I remember taking tests like this at the start of every grade. There’s questions that they know none of the kids would get and questions they knew all of the kids would get. I mean look at the next question. It’s barely a step above “put these shapes in the right hole.” The whole point is to figure out what the average student knows, and also to figure who might need a little help and who might be ahead of everyone else.
Terrible question. 15-5-2 are steps illustrated, 15-5 makes the ten asked for in the question.
I suspect that the percentage is much higher than you’d expect. Certainly, most kids are expected to be able to solve that problem by the end of first grade, and there will be some who’ve had exposure to the techniques before then (maybe they had a very ambitious kindergarten teacher, or maybe they have an older sibling who passes it down).
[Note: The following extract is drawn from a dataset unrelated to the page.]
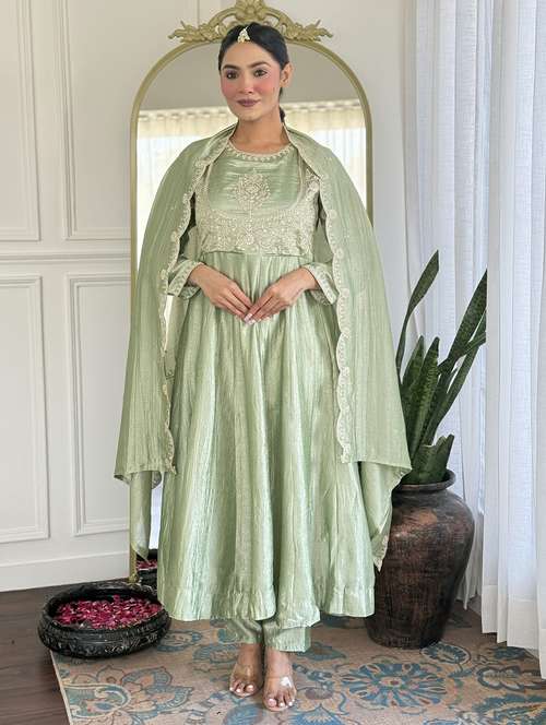 - Browse through the latest range of ethnic sets for women with tailored sleeve designs with embroidered works.

But even if it is only the top 1% who could get it, what’s wrong with that? You need some questions like that, if the test is to be useful. How else would you tell the difference between a student in the 99th percentile from one in the 98th percentile? For a well-designed test, that tells you as much as possible about the students (which is after all the purpose of tests), the average score should be 50%.
That’s perhaps the intended score for a test that is designed to rank and compare students - a norm-referenced test. For a criterion-referenced test, one which is designed to see whether students have mastered certain material, that is not the ideal score - on those types of tests, you’re typically okay with all students scoring well if it means, accurately, that the material has been mastered by the vast majority of students.
Also, test questions for which only 1% of students get it correct is probably NOT useful; there is typically little need for a single question to distinguish between the 99th and 98th percentile (or, for that matter, the 1st and 2nd percentiles). Unless the test is extremely long (in which case it has other issues), there is typically a better use for the limited number of questions available on a test than making such a fine distinction.